◆ REQUIRED WORK: Print the lines that start the entries and continue through the one holding "5杯セット | ||||||||||||||||||||", please, exactly and with the pictures omitted.

▬▬▬

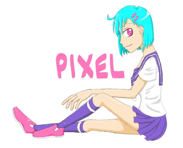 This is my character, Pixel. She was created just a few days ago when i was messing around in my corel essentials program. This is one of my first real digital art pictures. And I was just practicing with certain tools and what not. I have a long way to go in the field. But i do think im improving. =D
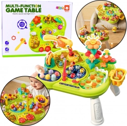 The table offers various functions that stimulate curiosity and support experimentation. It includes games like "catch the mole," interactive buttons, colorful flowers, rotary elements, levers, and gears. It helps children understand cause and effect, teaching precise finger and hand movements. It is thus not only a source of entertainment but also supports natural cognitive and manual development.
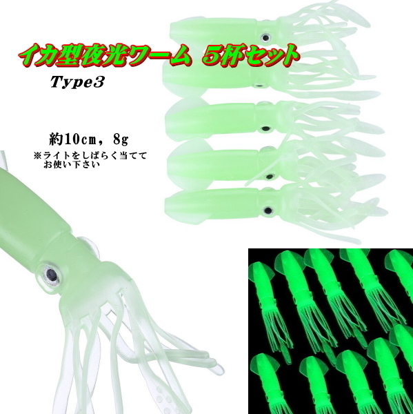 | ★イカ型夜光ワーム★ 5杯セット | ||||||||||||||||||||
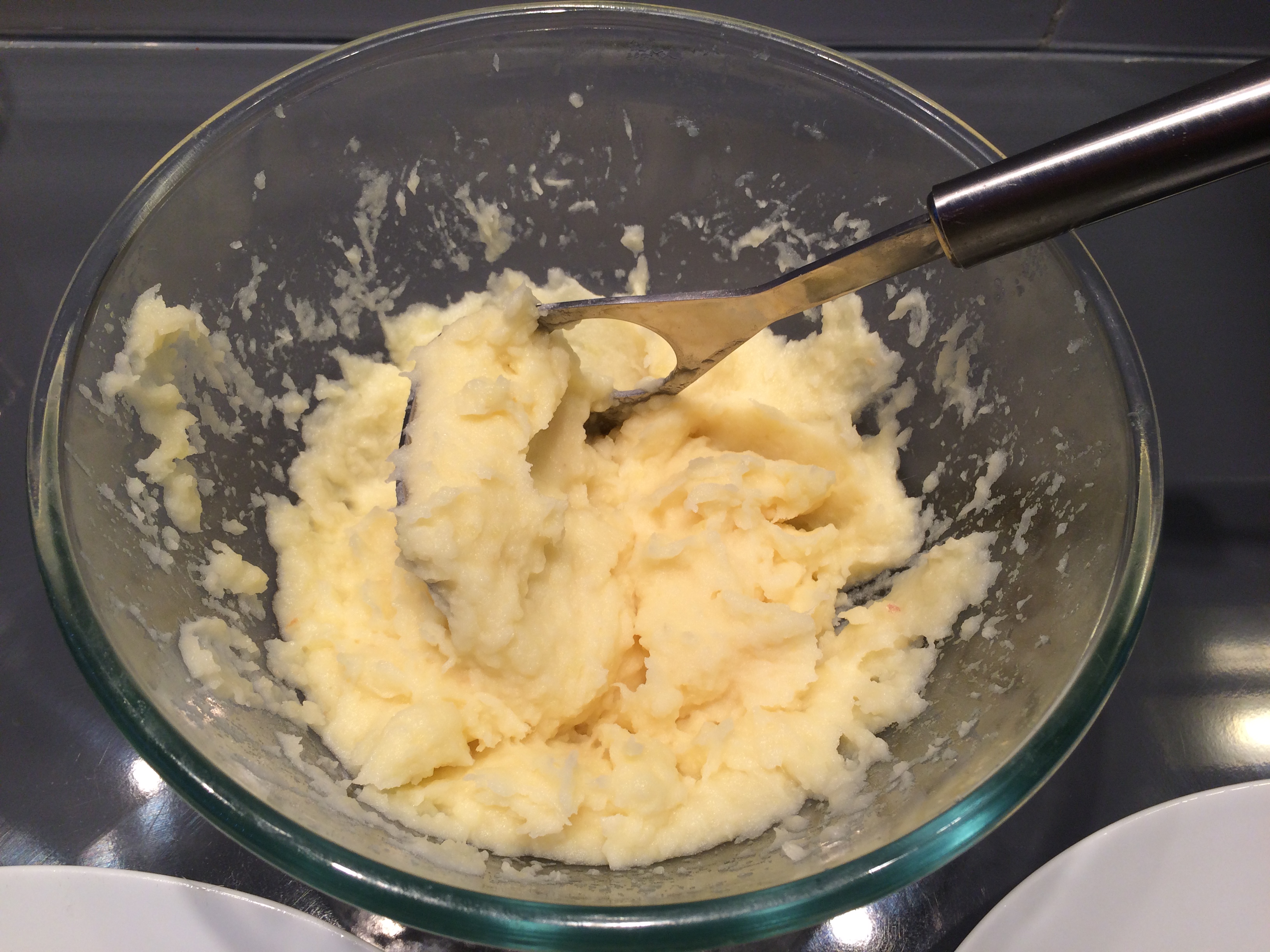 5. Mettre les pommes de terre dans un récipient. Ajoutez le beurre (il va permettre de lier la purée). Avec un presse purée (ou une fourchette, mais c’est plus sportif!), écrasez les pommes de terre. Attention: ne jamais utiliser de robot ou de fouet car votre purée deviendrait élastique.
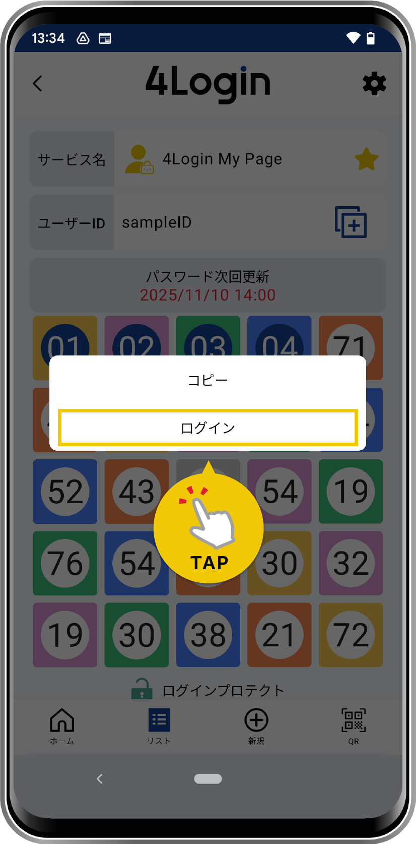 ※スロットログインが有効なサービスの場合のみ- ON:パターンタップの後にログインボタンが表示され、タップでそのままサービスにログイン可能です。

▬▬▬

◆ RESPONSE TO THIS TASK:
 This is my character, Pixel. She was created just a few days ago when i was messing around in my corel essentials program. This is one of my first real digital art pictures. And I was just practicing with certain tools and what not. I have a long way to go in the field. But i do think im improving. =D
 The table offers various functions that stimulate curiosity and support experimentation. It includes games like "catch the mole," interactive buttons, colorful flowers, rotary elements, levers, and gears. It helps children understand cause and effect, teaching precise finger and hand movements. It is thus not only a source of entertainment but also supports natural cognitive and manual development.
 | ★イカ型夜光ワーム★ 5杯セット | ||||||||||||||||||||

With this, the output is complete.